A reforma da tabela do Imposto de Renda representa:
- alívio fiscal para a classe média e faixas de renda moderada;
- redução do impacto do IR sobre o consumo;
- maior poder aquisitivo mensal para milhões de trabalhadores;
- mudança significativa na forma como o Brasil tributa a renda.
Especialistas destacam que a atualização da tabela é uma resposta à inflação acumulada e ao aumento real do salário mínimo nos últimos anos, corrigindo distorções que vinham penalizando contribuintes de média renda.
FAQ – Novo piso do Imposto de Renda
Quando o novo piso de isenção do IR entra em vigor?

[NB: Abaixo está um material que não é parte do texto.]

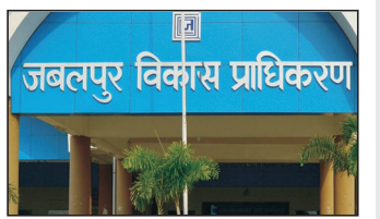
जबलपुर विकास प्राधिकरण
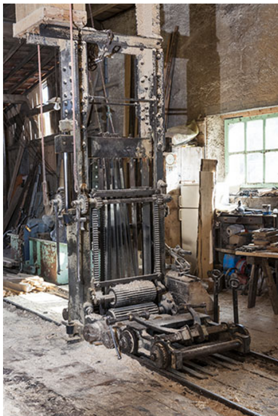
Châssis de scie et son chariot.

25, Chapelle-des-Bois, lieudit : Les Mortes

A partir de 1º de janeiro de 2026 para retenção mensal e declaração anual referente a 2026.
Quem ficará isento do IR com as novas regras?
Quem ganha até R$ 5.000 por mês e quem tem renda tributável anual de até R$ 60.000.
Como fica a tributação para quem ganha mais de R$ 5.000?
Haverá redução gradual de imposto entre R$ 5.000,01 e R$ 7.350, e regras tradicionais acima desse limite.
O que muda para dividendos e altas rendas?
Dividendos acima de R$ 50 mil mensais terão retenção de 10%, e contribuintes com renda anual alta estarão sujeitos a um imposto mínimo progressivo.
Aviso ao leitor: esta reportagem é informativa e explicativa, com base em normas oficiais e análises públicas, e não constitui consultoria tributária.